Она уже сняла упаковку и прочла. Это были избранные места из знаменитой оперы Глюка восемнадцатого века «Орфей и Эвридика».
– Никогда не слышала, – призналась Сильвия.
– Там есть ария, которая считается самым проникновенным выражением в музыке любовного томления.
Она протянула мне магнитофон.
– Найди мне этот фрагмент.
Я надел наушники и, быстро отыскав нужное место, вернул Сильвии кассетник. Она закрыла глаза и стала слушать арию Орфея «Как мне жить без Эвридики?» «Che faro senza Euridice?»
Где-то в середине арии она схватила меня за руку и с жаром произнесла:
– Мэтью, che faro senza te? Как мне жить без тебя?
Я наклонился и поцеловал ее. Долго. Медленно. Страстно.
Внезапно самолет взревел, оторвался от земли и взмыл в ночное небо.
Я наивно полагал, что полет даст нам хоть небольшую передышку от зловещих поучений со стороны нашего предводителя. Но я недооценил его чувство ответственности.
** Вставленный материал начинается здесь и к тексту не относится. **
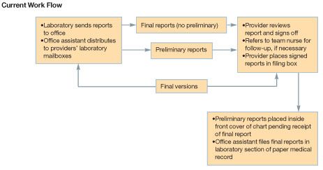Figure 1. Use case for electronic conversion: current manual laboratory work flow. It is assumed that electronic ordering is accurate and reflects current practices of providers. Supporting policies should be reviewed and revised accordingly to reflect changes. The time from the arrival of the laboratory report in the provider’s mailbox to sign-off is the suggested measure of quality improvement.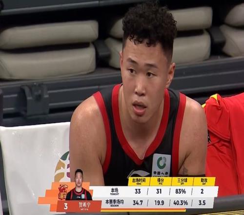 賽季至今賀希寧30場常規賽全勤,場均可以貢獻20.3分5.2個籃板3.4次助攻1.2次搶斷,投籃命中率47.5%,場均命中3.1記三分球,命中率高達41.4%,得分為生涯新高,本土球員中僅次于場均多0.5分的郭昊文排名本土球員第2位,但是對比球隊戰績和作用,賀希寧是當之無愧的球隊核心。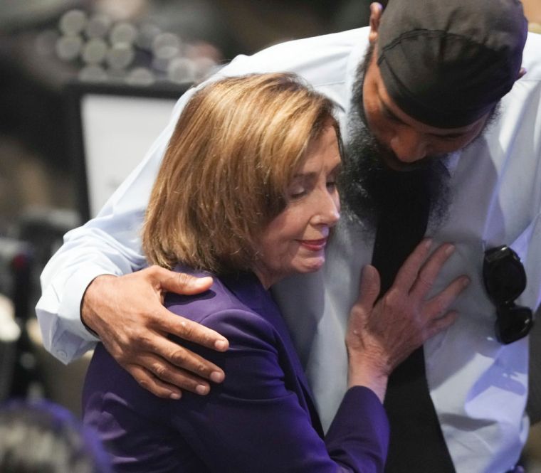 HOUSTON, TEXAS – AUGUST 1: Democratic Speaker Emerita Nancy Pelosi receives a hug during the Celebration of Life Service for Sheila Jackson Lee at Fallbrook Church on Thursday, Aug. 1, 2024, in Houston. Jackson Lee died July 19 after being treated for pancreatic cancer. (Elizabeth Conley/Houston Chronicle via Getty Images) color image,photography,horizontal,usa,sport,texas,houston – texas,funeral,gulf coast states,human interest,embracing,sheila jackson-lee,obituary,nancy pelosi,sports official

Как только начали разносить еду, в динамиках зазвучал знакомый голос:
– Говорит доктор Пелетье. Хотел бы напомнить всем пассажирам – а особенно членам моей группы – о необходимости принять профилактические таблетки от малярии. Спасибо. Приятного аппетита.
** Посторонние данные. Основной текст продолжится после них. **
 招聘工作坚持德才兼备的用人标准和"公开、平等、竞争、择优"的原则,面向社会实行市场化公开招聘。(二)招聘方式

В Асмэру мы прибыли в час ночи. От возбуждения сна у нас не было ни в одном глазу.
Живо вспоминаю свои первые впечатления от Черной Африки. Именно такая она и была – черная. Едва самолет сел, как немедленно погасили сигнальные огни на посадочной полосе, и весь аэропорт превратился в большую черную дыру с отдельными светлыми пятнами в виде белков глаз и зубов. Зрелище, надо сказать, было жутковатое.
Таможня в аэропорту была чисто символической, и мы очень быстро загрузились в душный микроавтобус. Следом три допотопных грузовика везли наш скарб и оборудование. Обоз почти два часа трясся по ухабам, и Сильвия уснула у меня на плече.
Наконец мы добрались до Ади-Шумы. Нашему взору предстали дряхлые хибары под жестяными крышами, которые на обозримое время должны были стать нашим домом.
Пока африканцы разгружали багаж, Франсуа отозвал меня в сторонку.
– Мэтью, я распределяю, кому с кем жить, и хотел тебя спросить, где ты намерен проводить ночи. Вопрос чисто практический.
Я честно ответил:
– Знаешь, Франсуа, я сейчас не могу тебе сказать. Ты можешь пока пристроить меня где-нибудь? Временно.
Он пожал плечами и отошел, бормоча себе под нос что-то вроде: «Американцы… Пуритане чертовы!»
Вот как получилось, что первую ночь я провел в компании Жиля Нагле, коренастого серьезного француза в очках в металлической оправе.
Мы распаковали вещи при свете свечи, поскольку имевшийся в поселке примитивный бензиновый движок обслуживал только операционную и другие лечебные помещения.
Свой громоздкий сверток я пока не распаковывал, но Жиль его приметил и забеспокоился.
– Это что? – спросил он с нескрываемой тревогой.
– Пианино, – ответил я.
– Нет, правда. Серьезно!
– Я серьезно говорю. Это клавиатура. Без инструмента.
– То есть шума от нее не будет?
– Шума? Не волнуйся, Жиль. Она издает музыку, которая звучит только у меня в голове.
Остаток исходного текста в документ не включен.